WAL writes during inserts have a massive impact on insert performance too so you can look at setti8ngs like synchronous_commit and checkpoint_timeout. Creating the table as UNLOGGED will also disable WAL writes for that table giving a massive speedup.

Also, recreating your indexes sequentially can be faster than doing them in parallel and look out for CONCURRENTLY in index creation - its positive is it allows DB operations during index creation but its negative is it is much slower and risks failure.

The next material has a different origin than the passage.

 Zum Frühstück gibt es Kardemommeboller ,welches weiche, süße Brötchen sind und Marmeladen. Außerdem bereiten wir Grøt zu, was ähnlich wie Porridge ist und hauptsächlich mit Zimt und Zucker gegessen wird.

Probably something along the lines of this - which also show how to set default workers for a table so you don't need your queries to keep setting that Postgres session variable.

    DO $$
    DECLARE
        table_name TEXT := 'your_table_name';  -- Replace with your table name
        schema_name TEXT := 'public';          -- Replace with your schema
        data_file TEXT := '/path/to/your/data.csv'; -- Replace with your data file path
        index_info RECORD;
        index_sql TEXT;
    BEGIN
        -- 1. Store existing indexes for later recreation
        CREATE TEMP TABLE index_definitions AS
        SELECT indexname, indexdef
        FROM pg_indexes
        WHERE schemaname = schema_name AND tablename = table_name;
        
        -- 2. Drop all existing indexes (except primary key)
        FOR index_info IN 
            SELECT indexname 
            FROM pg_indexes 
            WHERE schemaname = schema_name AND tablename = table_name
                  AND indexdef NOT LIKE '%PRIMARY KEY%'
        LOOP
            EXECUTE 'DROP INDEX ' || schema_name || '.' || index_info.indexname;
            RAISE NOTICE 'Dropped index: %', index_info.indexname;
        END LOOP;
        
        -- 3. Optimize PostgreSQL for bulk loading (non-sysadmin settings only)

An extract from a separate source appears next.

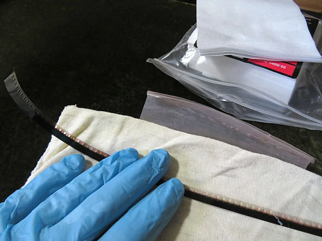 In unseren 13 Jahren Erfahrung haben wir festgestellt, dass alle Filme vom Reinigen profitieren – sogar Filme, die direkt aus dem Labor kommen! Viele Filme benötigen keine besondere Pflege – eine sorgfältige Handreinigung reicht aus. Andere Filme, obwohl selten, erfordern eine teure Filmlösung namens "FilmRenew" (nicht hier gezeigt).

        -- Memory settings
        SET maintenance_work_mem = '1GB';        -- Increase for faster index creation
        SET work_mem = '256MB';                  -- Increase for better sort performance
        
        -- WAL and checkpoint settings
        SET synchronous_commit = OFF;            -- Delay WAL writes as requested
        SET checkpoint_timeout = '30min';        -- Less frequent checkpoints during load
        
        -- Worker/parallel settings
        SET max_parallel_workers_per_gather = 8; -- Increase parallel workers
        SET max_parallel_workers = 16;           -- Maximum parallel workers
        SET effective_io_concurrency = 200;      -- Better IO performance for SSDs
        SET random_page_cost = 1.1;              -- Optimize for SSD storage
        
        -- 4. Set parallel workers on the target table
        EXECUTE 'ALTER TABLE ' || schema_name || '.' || table_name || ' SET (parallel_workers = 8)';
        
        -- 5. Perform the COPY operation
        EXECUTE 'COPY ' || schema_name || '.' || table_name || ' FROM ''' || data_file || ''' WITH (FORMAT CSV, HEADER true)';
        
        -- 6. Rebuild all indexes (using the stored definitions)

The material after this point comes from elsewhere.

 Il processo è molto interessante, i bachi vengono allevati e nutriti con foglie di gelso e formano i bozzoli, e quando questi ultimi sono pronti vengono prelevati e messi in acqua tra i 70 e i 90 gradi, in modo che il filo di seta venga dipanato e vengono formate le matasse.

        FOR index_info IN SELECT * FROM index_definitions LOOP
            index_sql := index_info.indexdef;
            RAISE NOTICE 'Recreating index: %', index_info.indexname;
            EXECUTE index_sql;
        END LOOP;
        
        -- 7. Drop temporary table
        DROP TABLE index_definitions;
        
        RAISE NOTICE 'Data loading completed successfully';
    END $$;


If batch sizes are sufficiently large, for example by staging updates, is this really necessary to achieve good insert performance?